The Fourth Amendment to our Constitution guarantees that “the people” will be secure in their persons, houses, papers, and effects. I strongly believe that a primary focus of government officials should be on protecting the privacy of our citizens, not on protecting other elected officials at the expense of our citizens’ privacy rights.
In the 2007 legislative session, I sought the defeat of HB 2061, which made it legal for Texas County Clerks to reveal an individual’s Social Security Number (SSN) and which granted immunity to the Clerks against any civil or criminal liability for revealing your SSN and other confidential information.
Texas County Clerks shut down access to public records in response to the February, 2007 Texas Attorney General Opinion No. GA-0519, which held that revealing a SSN or other confidential information is a violation of law and constitutes “official misconduct”, which is grounds to remove an elected official from office. Since many County Clerks had posted public records that contained SSNs and other confidential information on the Internet, they were vulnerable to civil and criminal liability for such posting. State law requires County Clerks to make public records accessible at all reasonable times.
My position is that SSNs and other confidential information should be removed from the copy of the public record provided to a requester and from copies of public records before they are posted on the Internet.
It only took a week for HB 2061 to pass unanimously in both the House and Senate and be signed into law by Governor Perry.

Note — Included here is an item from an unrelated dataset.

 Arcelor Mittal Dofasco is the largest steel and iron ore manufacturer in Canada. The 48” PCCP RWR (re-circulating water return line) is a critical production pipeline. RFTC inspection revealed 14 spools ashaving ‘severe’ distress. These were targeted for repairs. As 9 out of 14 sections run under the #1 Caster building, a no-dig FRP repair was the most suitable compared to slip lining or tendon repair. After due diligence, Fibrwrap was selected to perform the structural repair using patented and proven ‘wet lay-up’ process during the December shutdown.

HB 2061 became law so quickly because of the enormous pressure on state legislators from many businesses to re-open access to public records, so that these businesses - title companies, real estate companies, financial institutions, and oil & gas companies, which rely on public records, could continue conducting business. County Clerks shutting down access to public records thereby hindering many businesses resulted in legislation that made it legal to disclose your SSN and granted immunity from civil and criminal liability to the Clerks.

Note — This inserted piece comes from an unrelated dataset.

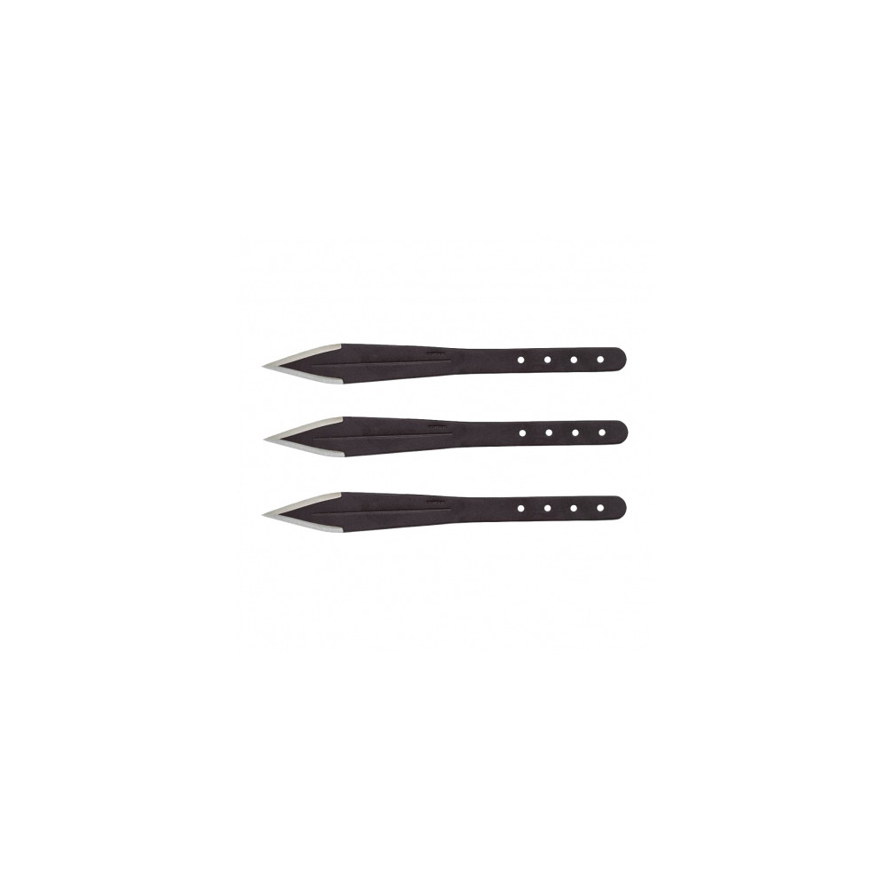 Nože mají štíhlou čepel s oboustranným ostřím a silným bodem, což zajišťuje výbornou penetraci a usnadňuje zasazení nožů do cíle. Minimalistická full-tang konstrukce zvyšuje odolnost nožů proti mechanickému poškození, což je klíčové pro předměty vystavené neustálým nárazům. Díky povrchové úpravě práškovým lakem je ocelový povrch matný a protiskluzový, což zlepšuje uchopení nože.

Only thieves need SSN and confidential information to conduct business, legitimate businesses do not.
County Clerks hold the position that it is their responsibility to provide access to public records regardless of what information the records contain. Our County Clerk sold approximately 20 million public records for about $2,000 to an Internet company, Red Vision, which provides confidential information on individuals for a fee.
AG Opinion GA-0519 held that state law requires that County Clerks remove SSNs and other confidential information from a copy of a public record before providing that copy.

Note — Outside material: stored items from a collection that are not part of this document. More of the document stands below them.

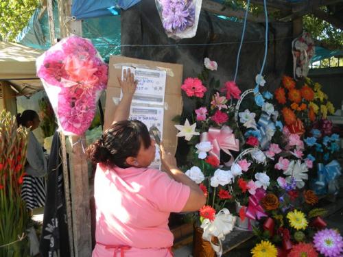 “El domingo vendó muy bien, por lo que espero que hoy y mañana venda lo mismo. Ya tengo 20 años vendiendo en este lugar que era de m i suegra”, dice orgullosa Patricia Ventura, mientras coloca en el frente del negocio los precios de las flores que vende, a la vista de los compradores.
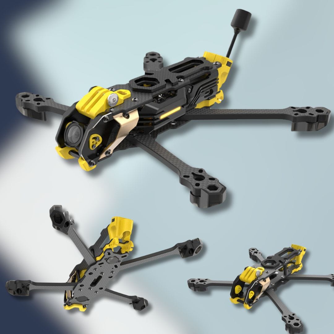 Speedy B, known for their budget-friendly yet quality drone frames, has recently launched the Mario 5 Frame, available in two designs: the Dead Cat (DC) style and the Classic X (XH) style. The DC style is particularly intriguing for those into GoPro flying, offering a unique layout that caters to aerial photography enthusiasts.
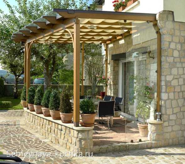 Навесная конструкция позволяет создать великолепную зону отдыха на свежем воздухе

HB 2061 does provide that you can have your SSN removed from public records. Unfortunately, you have to go in person to the County Clerk’s office and identify the document and page your SSN is on.
The County Clerk temporarily suspended access to Fort Bend County’s public records via the Internet. Unfortunately, those records have been on the Internet since 2005. An Internet company now possesses all of the county’s records and will provide them to anyone for a small fee.
I continue my efforts to have SSNs and other confidential information removed from copies of public records before they are provided to requesters and before they are posted on the Internet.